建築から学ぶこと

2011/06/15

No. 282

活動の潮目が変わるとき

ある目的のために集まった行動体は、どこかで活動の転換を迎える。その時期の課題を達成することができたか、活動の目的を何らかの理由で変える節目に至ったかのいずれかであろうか。構成員にとってはここで活動を終了してもよいはずだが、行動の結果が社会に好ましい成果をもたらしたとなると話は違う。それなら何とかしてでも継続してゆかねばならない。行動体が社会関係資本に育ったからである。そうして会員の範囲を確定し、行動規範を明らかにし、次のミッションを策定しあらたな構成員を加える行動にランクアップする。

最初からNPOを組織して始めてから活性化を試みる組織体もあり、節目を機に自在なグループがNPO化する活動もある(6月11日、平河町ミュージックスには企てから3年目に千代田区から補助金をいただくことが決まり、10年を経てNPOを設立した取手アートプロジェクトは初の総会を開催した。前へと、少しずつ)。組織のそのような変容には意味があるが、形態論はいかようでもかまわない。大事なことは、自主の魂があり、さらに世代を越えて連携・継続しようという意欲があるものには底堅さが育つというところにある。思想のオープンネスはおそらく、活動の健全性を保証するものとなるであろう(第12回で触れた)。

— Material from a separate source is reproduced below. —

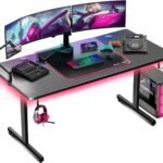 GTPLAYER 55 Inch Gaming Desk with LED Lights, Large Computer Desk with Mouse Pad for Home Office, T-Shaped Carbon Fibre Surface PC Game Workstations with Headphone Hook

さきごろ文部科学省が大学に対してボランティア活動を単位化してもよいことを示した(4/1)が、この指導にしっくりこないものがあるとしたら、ボランティア=若者=一時的(あるいは成長の過程)と読めてしまうからかもしれない。世代によって活動の守備範囲を固定してしまわないのがよいのである。自主的な活動に取り組んでいる者は、そのあたりの見識を備えておくことが必要である。